Start of Input records
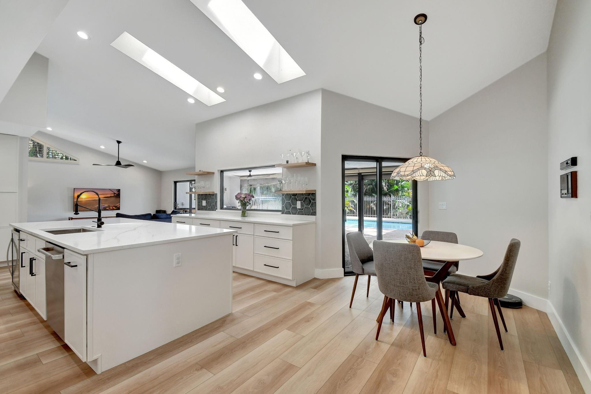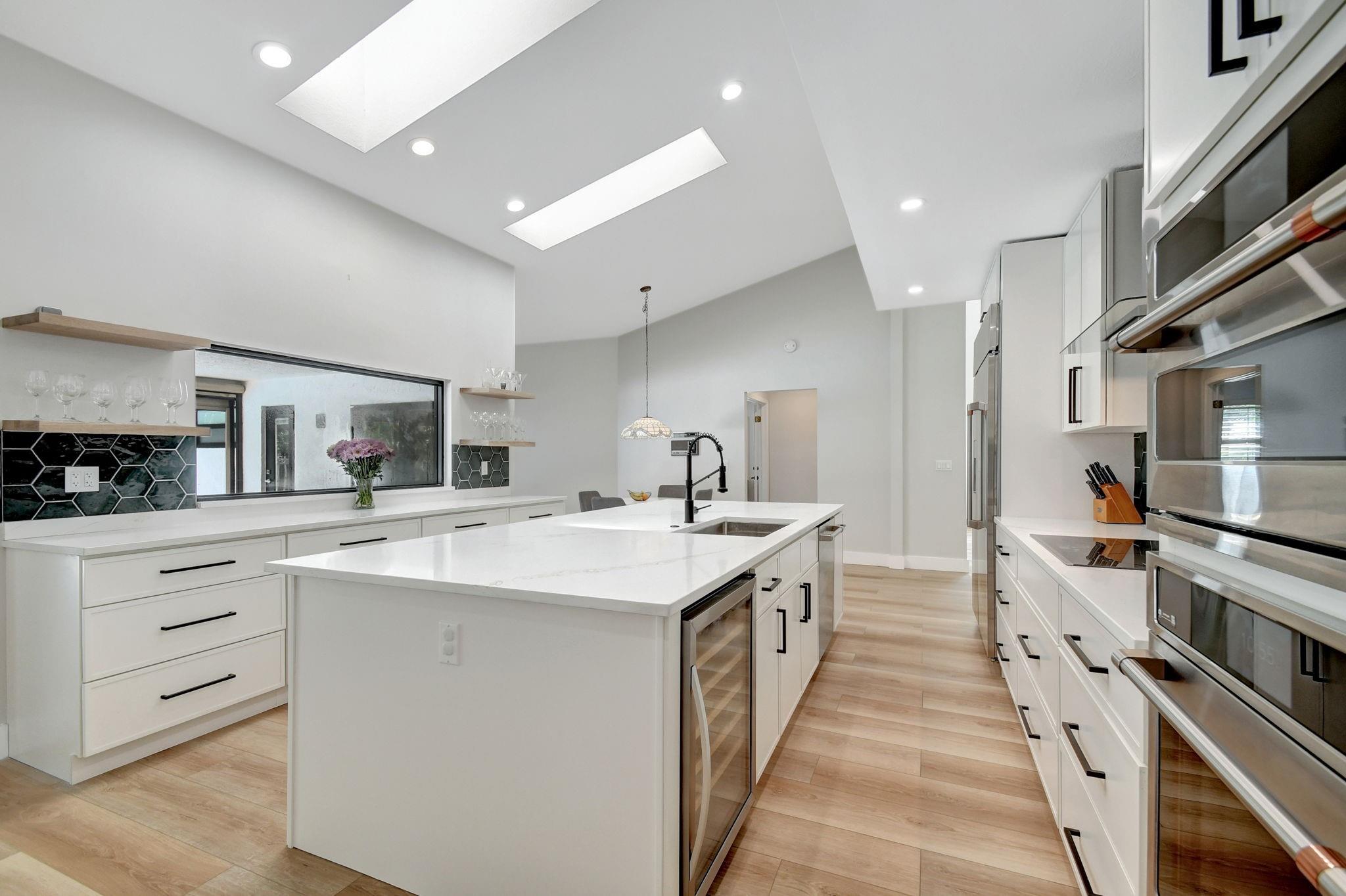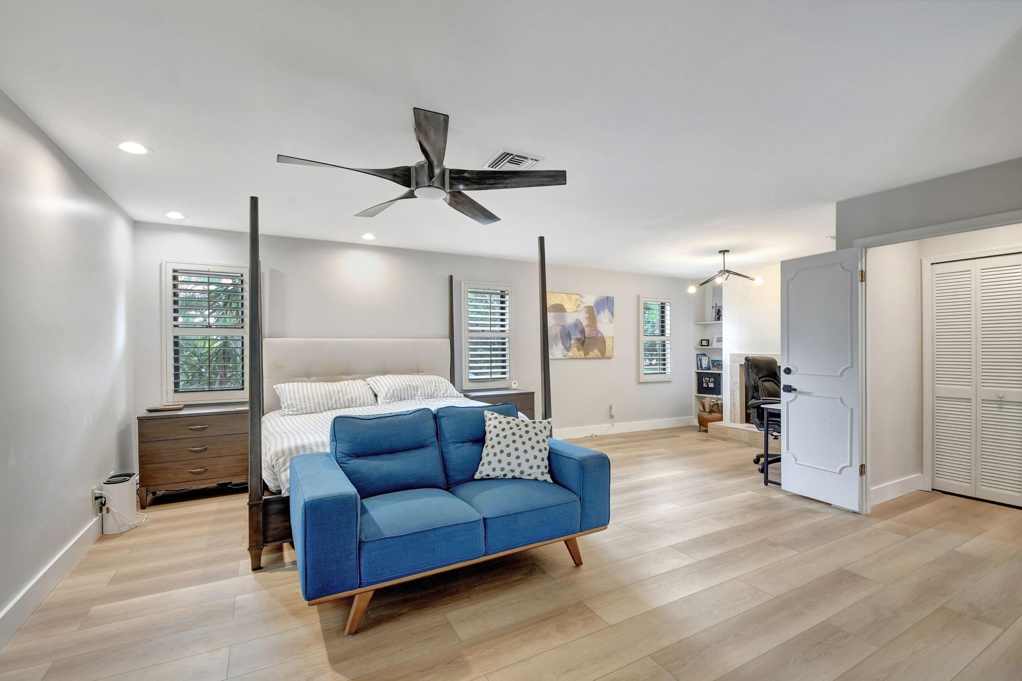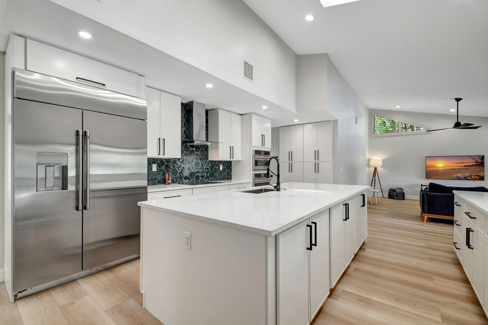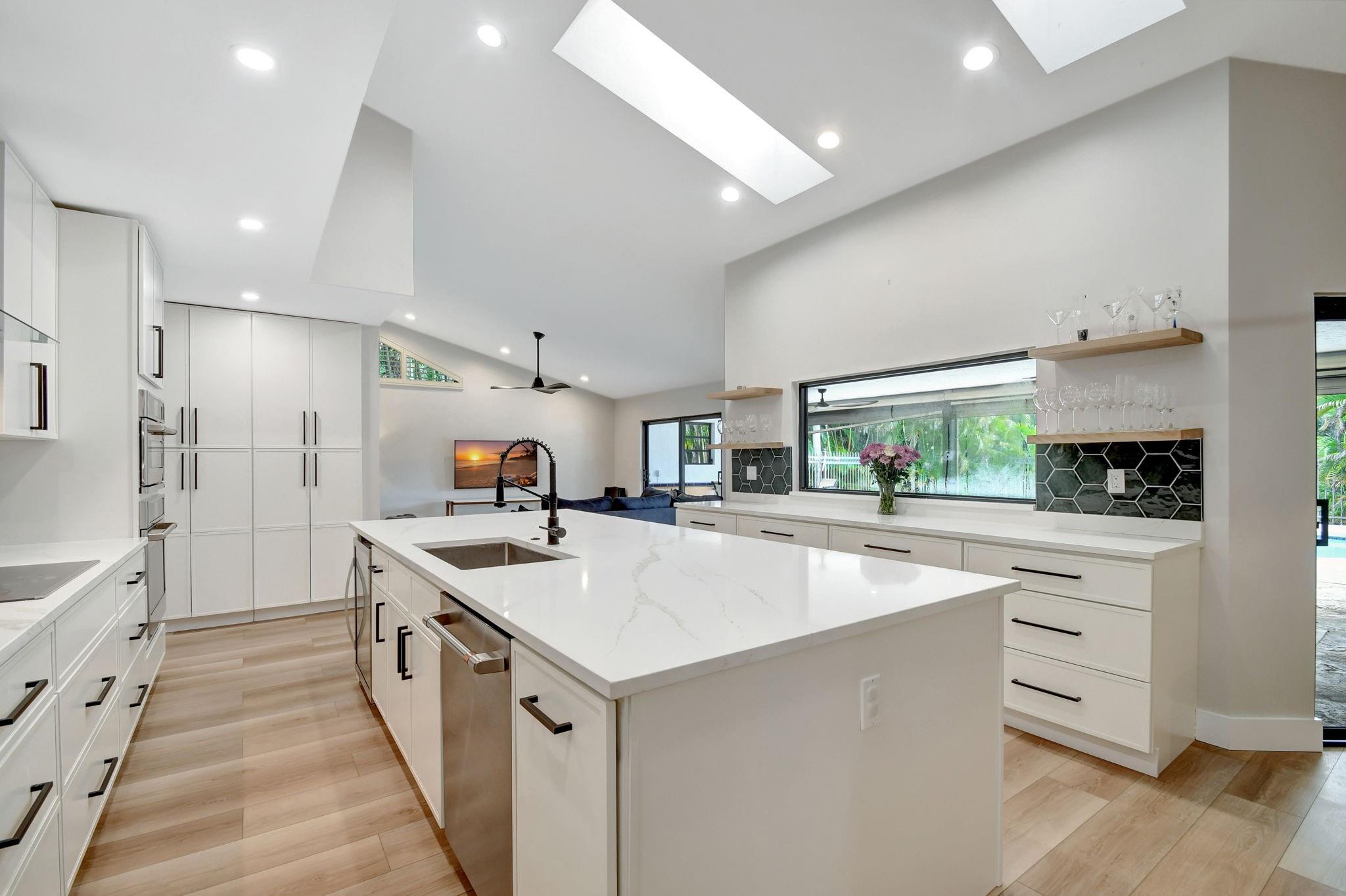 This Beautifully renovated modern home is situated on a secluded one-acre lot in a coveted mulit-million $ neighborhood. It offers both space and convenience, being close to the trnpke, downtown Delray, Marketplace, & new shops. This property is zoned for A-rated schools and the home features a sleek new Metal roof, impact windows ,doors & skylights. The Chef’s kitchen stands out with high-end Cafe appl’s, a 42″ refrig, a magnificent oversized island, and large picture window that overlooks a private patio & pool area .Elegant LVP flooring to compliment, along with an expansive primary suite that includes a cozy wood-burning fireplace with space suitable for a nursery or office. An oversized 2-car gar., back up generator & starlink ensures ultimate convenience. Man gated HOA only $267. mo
End of Input records
Start of Input records
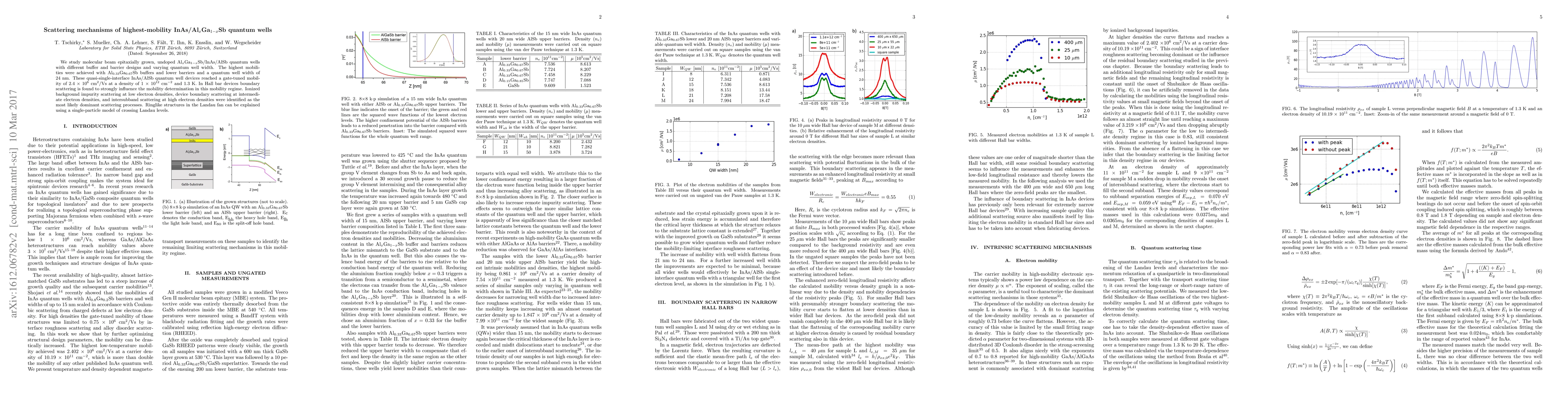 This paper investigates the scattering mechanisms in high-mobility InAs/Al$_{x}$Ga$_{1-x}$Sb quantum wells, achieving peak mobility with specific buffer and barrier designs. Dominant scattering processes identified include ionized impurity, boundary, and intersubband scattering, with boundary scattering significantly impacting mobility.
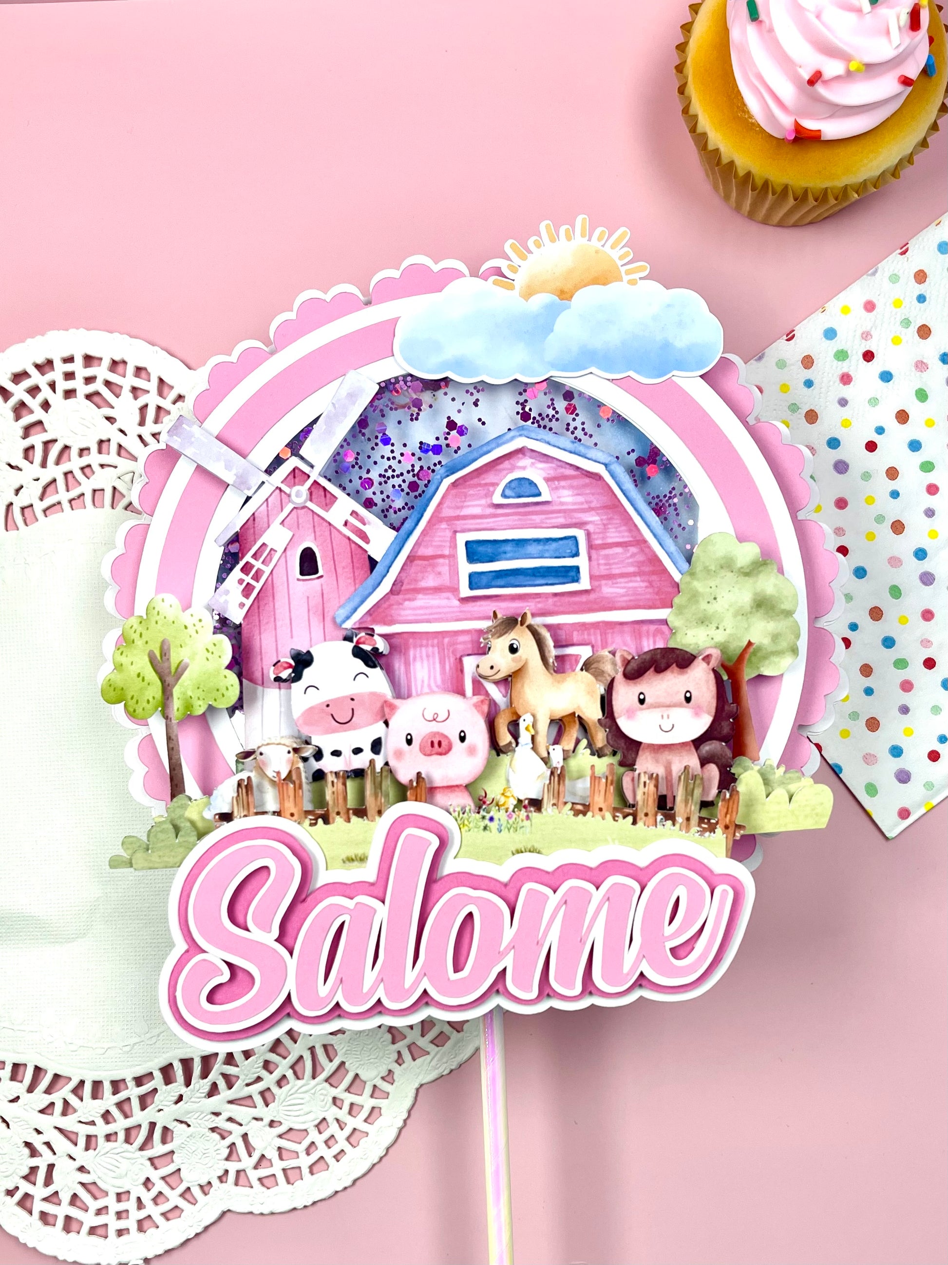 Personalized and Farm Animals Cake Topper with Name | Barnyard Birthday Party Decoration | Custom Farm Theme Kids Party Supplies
End of Input records
Start of Input records
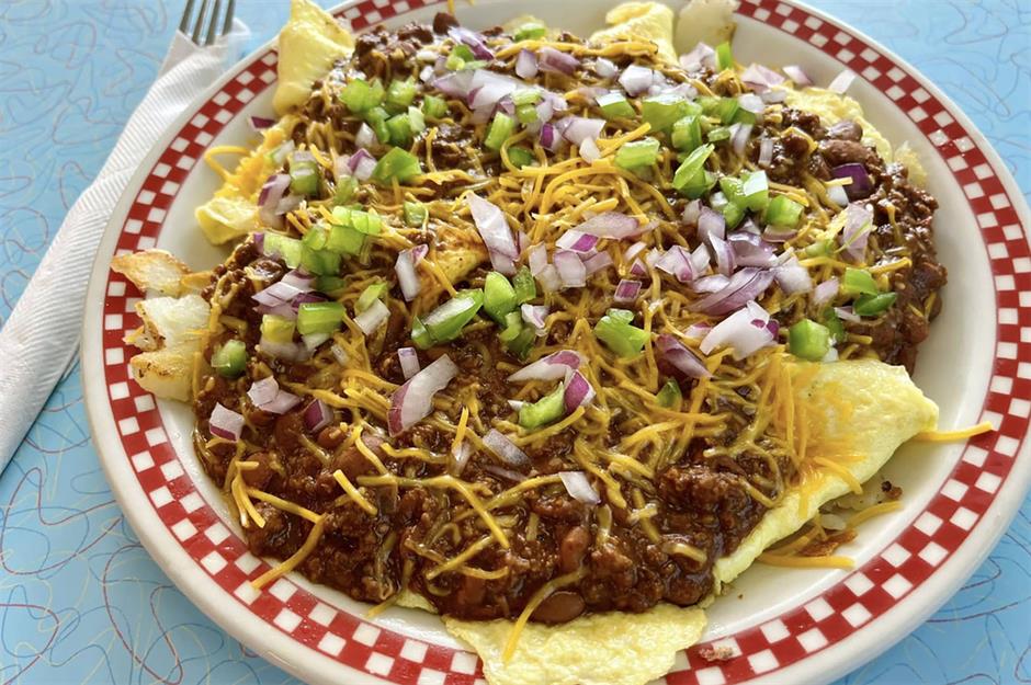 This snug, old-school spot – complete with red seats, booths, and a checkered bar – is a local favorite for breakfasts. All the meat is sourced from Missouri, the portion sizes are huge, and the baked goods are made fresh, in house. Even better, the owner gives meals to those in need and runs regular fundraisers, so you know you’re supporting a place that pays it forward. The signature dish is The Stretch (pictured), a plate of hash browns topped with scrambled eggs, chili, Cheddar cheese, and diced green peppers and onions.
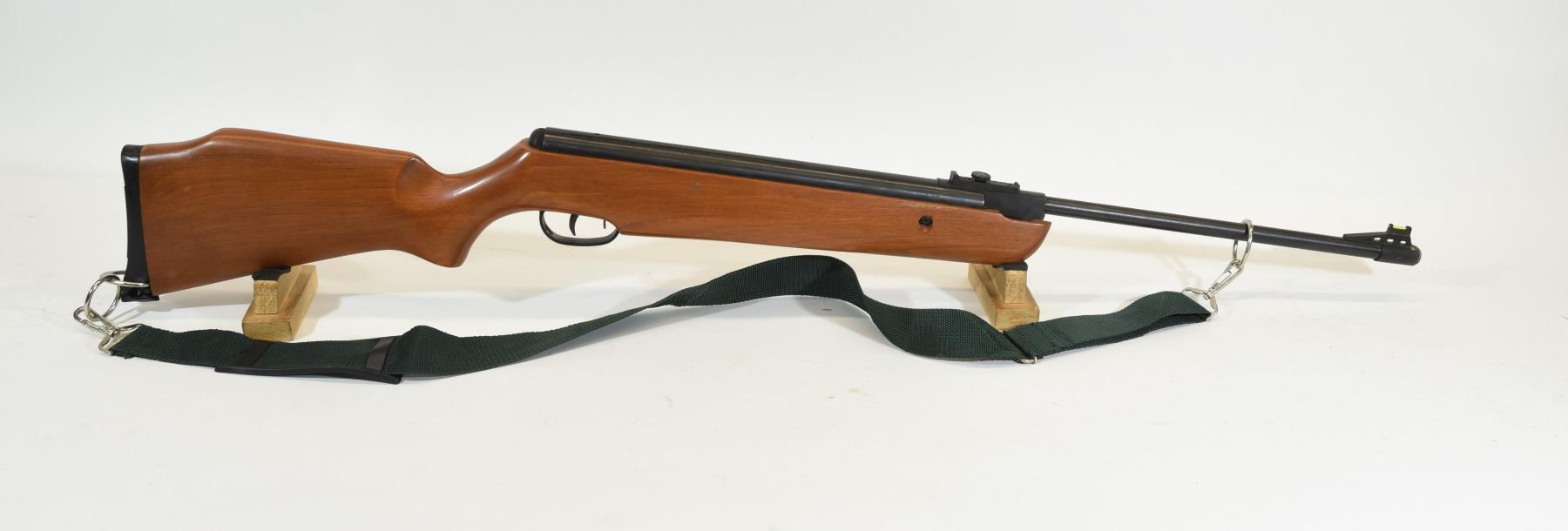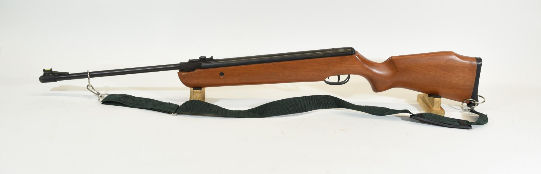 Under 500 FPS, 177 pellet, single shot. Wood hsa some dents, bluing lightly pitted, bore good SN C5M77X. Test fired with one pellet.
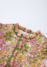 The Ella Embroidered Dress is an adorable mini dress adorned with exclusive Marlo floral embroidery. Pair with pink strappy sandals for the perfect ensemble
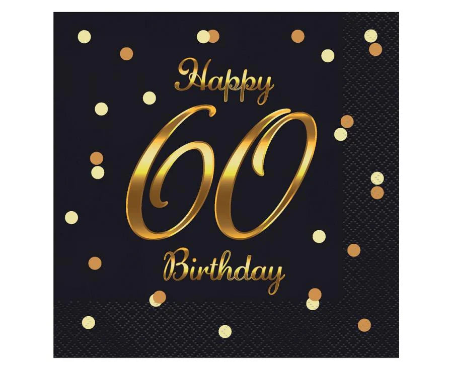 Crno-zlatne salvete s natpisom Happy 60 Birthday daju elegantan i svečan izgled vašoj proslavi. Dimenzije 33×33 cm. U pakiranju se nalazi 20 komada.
End of Input records
What the exercise asks: Find the line with "The Ella Embroidered" in the entries above. Set down exactly every line from it up to and including the line with "Crno-zlatne salvete s", images excluded.

Finished task:
 The Ella Embroidered Dress is an adorable mini dress adorned with exclusive Marlo floral embroidery. Pair with pink strappy sandals for the perfect ensemble
 Crno-zlatne salvete s natpisom Happy 60 Birthday daju elegantan i svečan izgled vašoj proslavi. Dimenzije 33×33 cm. U pakiranju se nalazi 20 komada.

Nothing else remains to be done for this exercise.